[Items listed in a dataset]

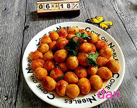 - 13. 然后把炸好的鹌鹑蛋放去一起炒
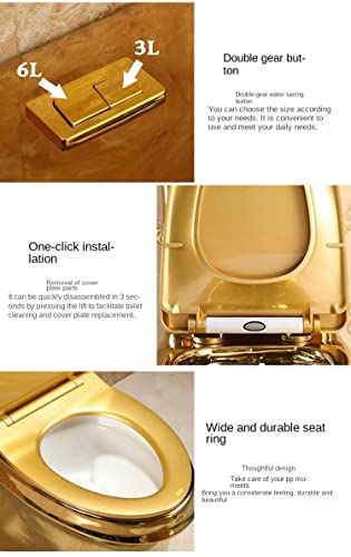 Modernes WC mit Doppelspülung und vergoldetem Design, universelle Höhe, einteiliges WC mit Doppelspülung und stummgeschalteter Keramiktoilette für das Badezimmer zu Hause (D 680 x 340 x 820
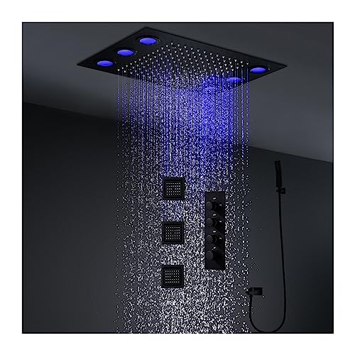 Système de douche pluie noir 20x14 LED, ensemble de douches...
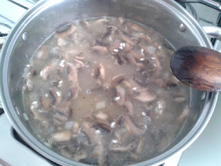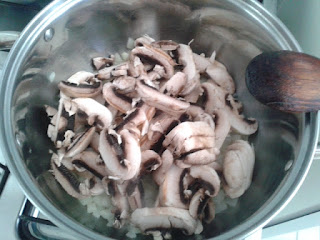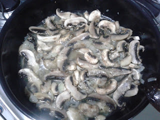 4- Adicone o cogumelo, mexa bem e refogue por um instante.
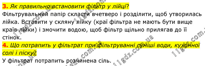 Як правильно встановити фільтр у лійці? Фільтрувальний папір скласти вчетверо і розділити, щоб утворилась лійка. Вставити у скляну лійку (краї фільтра не мають бути вище країв лійки) і змочити водою, щоб фільтр щільно прилягав до її стінок. 4. Що потрапить у фільтрат при фільтруванні суміші води, кухонної солі і піску? У фільтрат потрапить розчинена сіль.
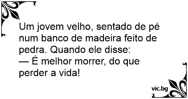 Um jovem velho, sentado de pé num banco de madeira feito de pedra. Quando ele disse:
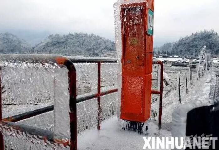 2008年2月2日,京珠高速公路韶关乳源路段旁的紧急电话亭被冰包围。
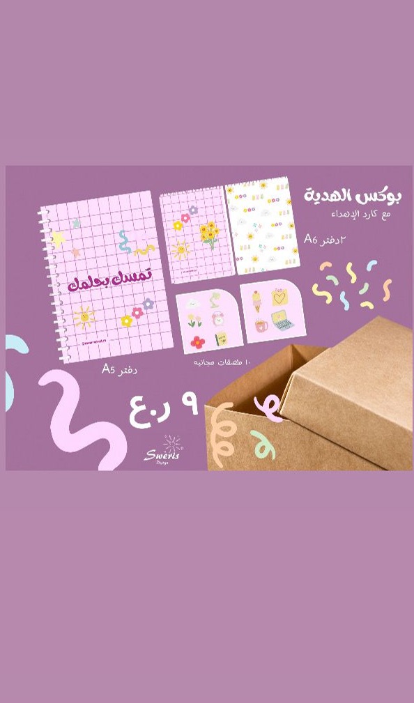 دفترين A6 بغلاف لطيف مع رسومات لطيفه متناسقة مع الثيم كما هو موضح في الصوره
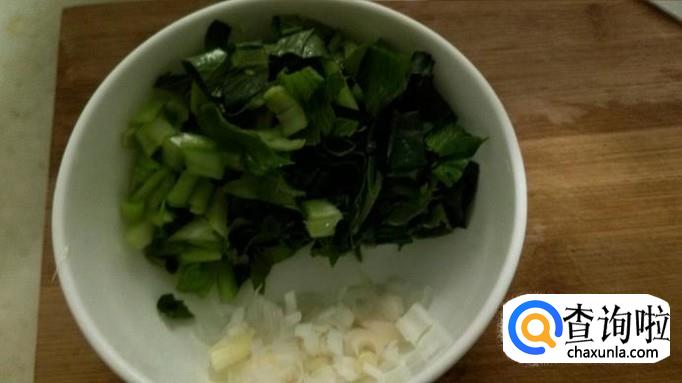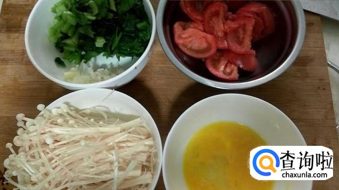 把洗净的的油菜切碎,葱切末,西红柿切块,金针菇切从中间切一刀,分两段待用,一个鸡蛋打好放碗里备用。
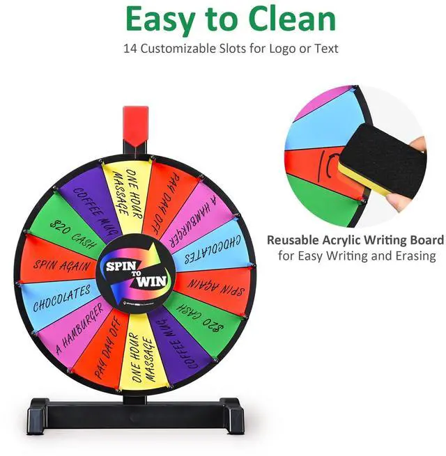 - Customizable & Editable - Features a colorful template with 14 customizable slots for logos or text, allowing you to create customized games and prizes according to your needs, along with rewritable acrylic writing board for easy writing and erasing
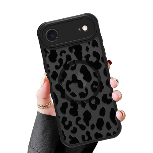 MZELQ Magnetic Case for iPhone Air 6.5 Inch, Clear Leopard Cheetah [Compatible with Magsafe Charging] Translucent Matte Hard Shockproof Camera Protection Cover for Women Men, Frosted Black
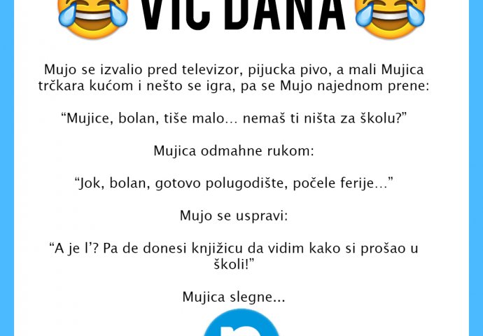 Mujo se izvalio pred televizor, pijucka pivo, a mali Mujica trčkara kućom i nešto se igra, pa se Mujo najednom prene:

> [Description of the task]: Please write out, exactly, every line from the line with "2008年2月2日,京珠高速公路韶关乳源路段旁的紧急电话亭被冰包围。" through the final line of the data above, leaving out pictures.

> [Task solution]:
 2008年2月2日,京珠高速公路韶关乳源路段旁的紧急电话亭被冰包围。
 دفترين A6 بغلاف لطيف مع رسومات لطيفه متناسقة مع الثيم كما هو موضح في الصوره
 把洗净的的油菜切碎,葱切末,西红柿切块,金针菇切从中间切一刀,分两段待用,一个鸡蛋打好放碗里备用。
 - Customizable & Editable - Features a colorful template with 14 customizable slots for logos or text, allowing you to create customized games and prizes according to your needs, along with rewritable acrylic writing board for easy writing and erasing
 MZELQ Magnetic Case for iPhone Air 6.5 Inch, Clear Leopard Cheetah [Compatible with Magsafe Charging] Translucent Matte Hard Shockproof Camera Protection Cover for Women Men, Frosted Black
 Mujo se izvalio pred televizor, pijucka pivo, a mali Mujica trčkara kućom i nešto se igra, pa se Mujo najednom prene:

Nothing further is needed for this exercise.